I applied to many jobs that required a drug test. Only one actually was interested in me enough to want to send me for one. But, as I got a concrete job offer from a different business, I took the concrete job offer. The place requiring the test had not given me a job offer. I was just in a big cue with a bunch of other desperate applicants. Mostly, I did not want to take the drug test. Now, Lazy Hippie Mama will vouch for me, that I am the squeakiest clean girl out there. Actually, she laughs at me that I don’t want to take one. The test would not have found anything. But I don’t really want any job enough to give them my bodily fluids. Unless, say maybe Edward Cullen is looking for blood donors.

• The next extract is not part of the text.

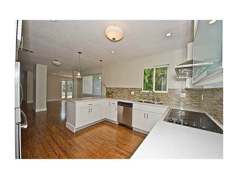 Beautiful completely remodeled 3 bed 2.5 bath home on corner lot located on desirable Golden Triangle. New Kitchen with white cabinets, quartz counter tops and SS appliances. Open and spacious floor plan. Large Family Room with French doors leading to int erior court yard and garden terrace. Impact glass windows and doors, new 2013 roof, new A/C, refinished hardwood floors, 2 car garage. Ready to move in. Truly a visual feast.

I feel the same way about being finger printed for a job. A background check on me would turn up nothing that I would need to hide. But, if in the future, I want to start committing crimes, I want to have that option open. I want my fingerprints to be some of those that have no match in the CSI database. (I also don’t want to get a library card–just another way the government can track you!)

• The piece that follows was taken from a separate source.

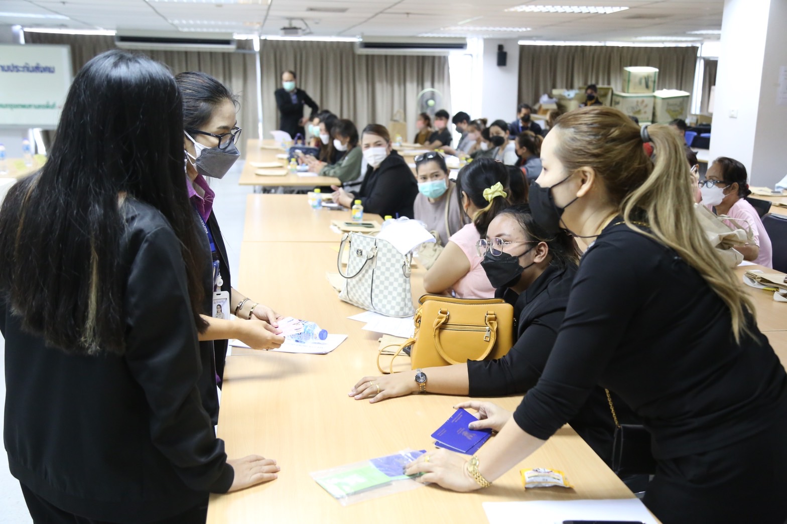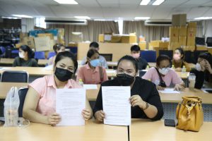 The Deputy Permanent Secretary of Labour and the Ministry of Labour’s spokesperson, Mrs. Bubpha Phanpeng, said that today, she was assigned by the Labour Minister, Mr. Suchart Chomklin, to visit the area to clarify understanding of such issues regarding various benefits to employees. The branch manager brought 50 employees to apply for unemployment benefits at the Bangkok Social Security Office Area 8. In addition, the Bangkok Employment Office Area 3 has set up job applications. Over 1,000 vacancies are available in various business establishments, such as Central Retail and Thai Beverage, for employees to apply for jobs and provide initial alleviation from suffering.

It is like in high school when my favorite teacher asked me why I wasn’t going to join the school’s anti-drug program. He must have been curious. He knew I was a good kid, did my homework, co-editor of the school newspaper, of which he was the adviser. Aside from the obvious fact that it was a big phoney club full of students who most definitely did do drugs, I told him the truth: I told him that I wanted to keep my options open for illegal drug use in the future. I still have that viewpoint.
So, that brings me to the purpose of this post. I have never been big on dress codes, but realize that in some positions they are made a necessity by the management.
My manager wants me to wear…
I can’t even get the words out.
Not only that, she wants them to be black!
Now, when I was hired a year ago, I gladly agreed to wear black, closed-toe shoes with black pants and a work shirt. They never said anything about socks. There is nothing about socks in the employee handbook. At one point, my manager’s manager saw my socks, and we had a whole conversation about why I mismatch them. She never indicated that this was a bad thing. With new faces at the top of our local rung of the corporate ladder, we have now been instructed to wear black shirts under our work shirts, and black blazers over them. Now, mind you, we have to buy EVERYTHING but the work shirt ourselves. And if the minimum wage were to be raised to the value that the President of the United States has thrown around in the press since his State of the Union speech, I would stand to get a raise of over a dollar. I would be really upset about the blazer thing, if I did not already have one. And since I don’t have any black shirts without Twilight logos or characters on them, I had to buy one of those just to wear for work.
But this sock thing really irks me. Afterall, mismatched socks IS MY THANG! And, I mean, no one is probably even going to notice, as my pants meet the tops of my shoes. But I feel like there will be secret sock patrols out to catch me! I feel like I do my job pretty well. But part of me wonders if they would fire me over non-conforming socks.
THEY ARE SOCKS!
They are not like a ring in my nose or a tattoo on my forehead. Although, what would really be so wrong with those things either. Socks are a personal, private thing between a person’s feet and their shoes. Socks are like underwear. You wear them under your pants and shoes. I would not work at any job that tries to legislate my underpants and bra.
And if they did fire me over socks, it just might be worth it. I would still have my self respect. And imagine when I fill out future job applications. They will say “Reason for Leaving”, I could put “I wouldn’t wear black socks.” Some might see that as stubborn or not a team player. But some future employer might see it for the ridiculousness that it is.